In recent years, a revolutionary understanding of thermodynamics has emerged that explains this subjectivity using quantum information theory — “a toddler among physical theories,” as del Rio and co-authors put it, that describes the spread of information through quantum systems. Just as thermodynamics initially grew out of trying to improve steam engines, today’s thermodynamicists are mulling over the workings of quantum machines. Shrinking technology — a single-ion engine and three-atom fridge were both experimentally realized for the first time within the past year — is forcing them to extend thermodynamics to the quantum realm, where notions like temperature and work lose their usual meanings, and the classical laws don’t necessarily apply.

“Many exciting things have been thrown on the table, a bit in disorder; we need to put them in order,” said Valerio Scarani, a quantum information theorist and thermodynamicist at the National University of Singapore who was part of the team that reported the quantum fridge. “We need a bit of synthesis. We need to understand your idea fits there; mine fits here. We have eight definitions of work; maybe we should try to figure out which one is correct in which situation, not just come up with a ninth definition of work.”

Oppenheim and Popescu fully agree with Hänggi that there’s a risk of downplaying the universe’s physicality. “I’m wary of information theorists who believe everything is information,” Oppenheim said. “When the steam engine was being developed and thermodynamics was in full swing, there were people positing that the universe was just a big steam engine.” In reality, he said, “it’s much messier than that.” What he likes about quantum thermodynamics is that “you have these two fundamental quantities — energy and quantum information — and these two things meet together. That to me is what makes it such a beautiful theory.” More.

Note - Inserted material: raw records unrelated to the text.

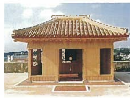
首里城万国津梁の鐘(平成12年)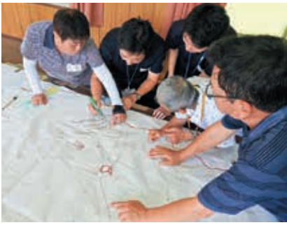
支え合いマップ作りの支援

② 地域共生社会の実現に向けた地域づくりを目指し、地域福祉や地域の活動をテーマに地域住民等を対象とした研修会や、こ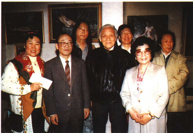
著名华人艺术家吕霞光（中）在杨光素画展上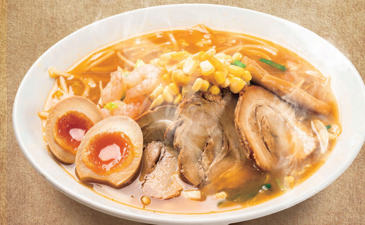
特製灯台らーめん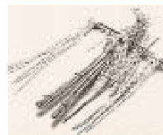
【ノヤイモシ】 よもぎで作った守護神

博物館学芸員を講師に、アイヌの人たちの伝統的な生活文化について、実際の生活用具や様々な儀式を紹介してもらいながら、説明していただきます。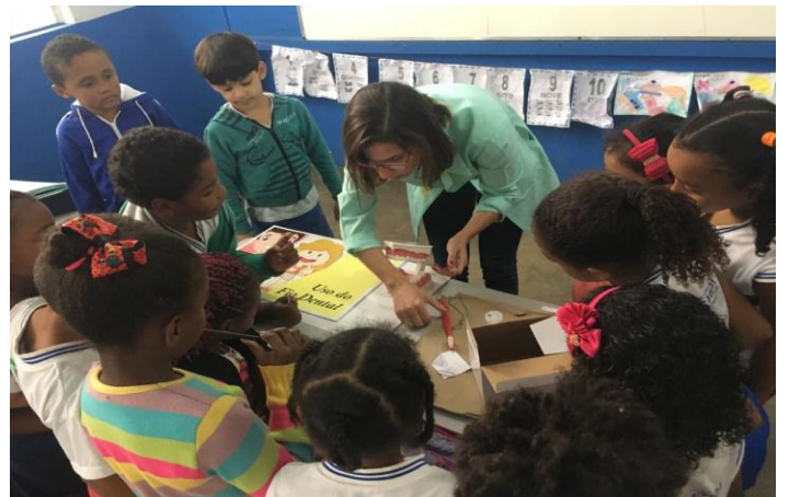
PSE na Escola Margarida Alves – Tema: Saúde Bucal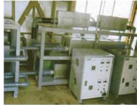
オゾン水シャワー(細霧ノズル使用)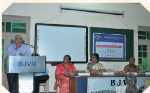
Orientation Programme of FYBCOM & BBA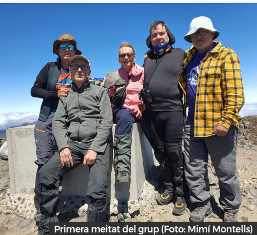
Primera meitat del grup

No anem a la muntanya a sortir-ne ben parats (tampoc a sortir-ne molt malparats, valgui la contradicció). Estem satisfets quan l'endemà ens podem "queixar" d'estar rebentats o d'haver acabat xops o masegats o tumefactes, i mostrem amb orgull mal dissimulat les nostres "ferides de guerra".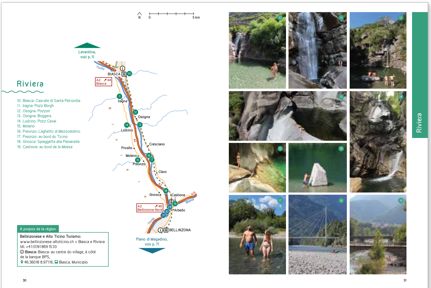
13 Dans les gorges de la Boggera près d'Osogna, voir p.42 sq.

Dans cette région, les cours d'eau ont sculpté les plus belles gorges du Tessin. Dans ce décor escarpé, chaque bassin se déverse dans le suivant. Mais on trouve également, dans cette région, de paisibles plages fluviales.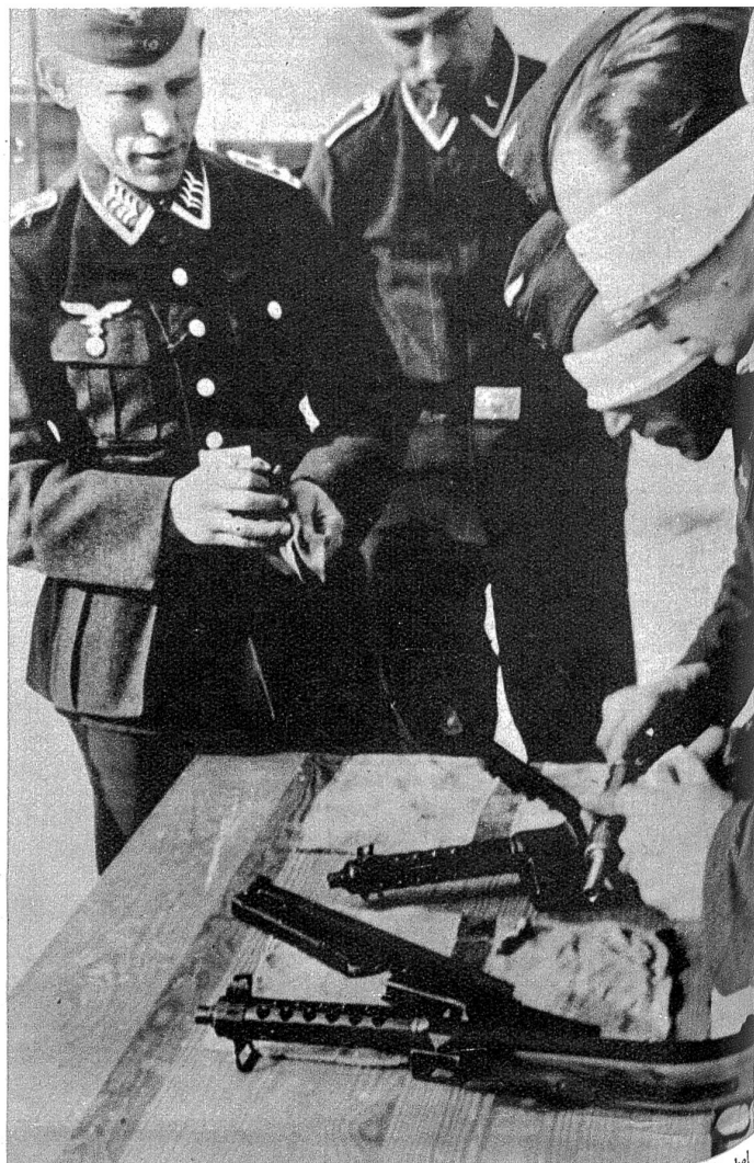
„Ihr müsst die Knarre im Schlaf bedienen können“, sagt der Feldwebel — und mit verbundenen Augen nehmen die Soldaten die Maschinenpi- stole auseinander und setzen sie auch wieder genau zusammen.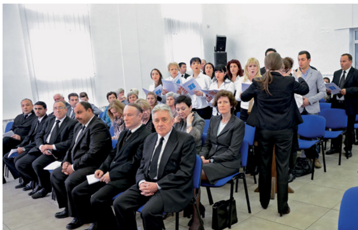
Les chrétiens néo-apostoliques vivent en Macédoine depuis 1958. Aujourd'hui, 400 frères et sœurs vivent dans ce pays d'Europe du sud.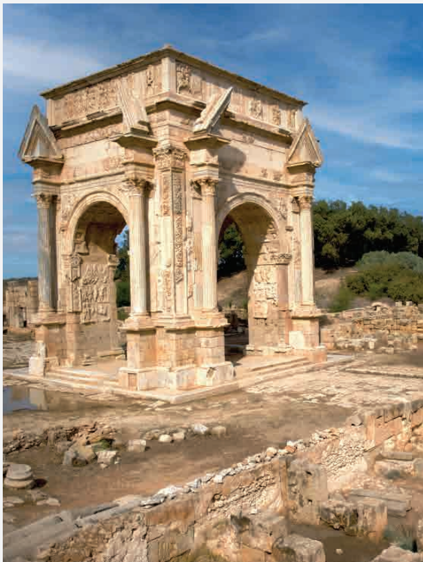
Leptis Magna / al Chum - Libyen Erbaut ca. 800 v. Chr.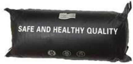
Express logo bag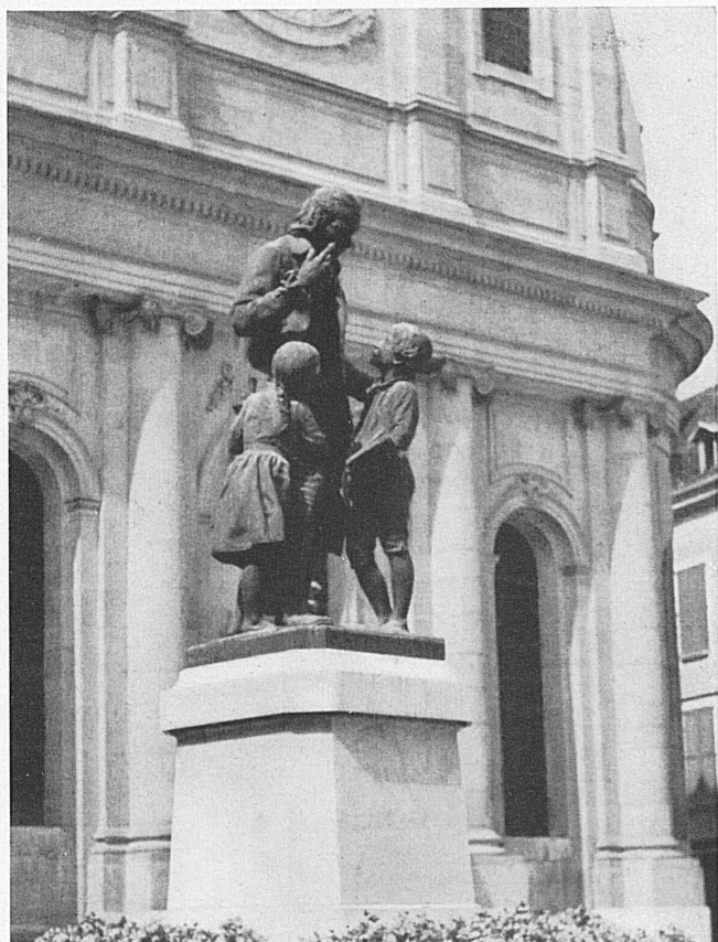
En haut: Dessin de Pestalozzi d'Albert Anker, d'après un tableau de Bodenmüller. — A gauche, en bas: Le monument de Pestalozzi devant le Château d'Yverdon.

Lamoni e del Fontana di vivificare con essa le scuole ticinesi e lombarde del loro tempo, non c'è dubbio che avrebbe errato di molto... È stato detto che a un'idea giusta occorrono cento anni per essere scoperta, cento anni per essere compresa, e altri cento per essere realizzata. I cento anni necessari per riuscire a comprendere la pedagogia pestalozziana sono trascorsi. Ora è cominciata l'ultima fase, la fase della realizzazione. Auguriamo che cento anni siano di troppo per creare la scuola dell'autoeducazione, la scuola anti-verbalistica promotrice della humanitas, la scuola incontro e celebrazione di due spontaneità, quella degli allievi e quella del maestro, ideale educativo del grande discendente della ticinese Maddalena Muralti.

But steady on. The universe obviously isn’t “just a big steam engine” any more than it is just a giant cabbage. But it may very well be all information. These guys can back away from the idea if they want but it can still be true.

See also: Philip Cunningham: Everything IS information I was surprised to learn that, counter-intuitive to materialistic thought (and to every kid who has ever taken a math exam), a computer does not consume energy during actual computation but will only consume energy when information is erased from it,,, such as what happens when a computer’s memory is cleared or with the merging of two computation paths where you put in two bits into a logical operation, and you get one bit out. This counter-intuitive fact of energy expenditure during erasure is formally known as Landauer’s Principle.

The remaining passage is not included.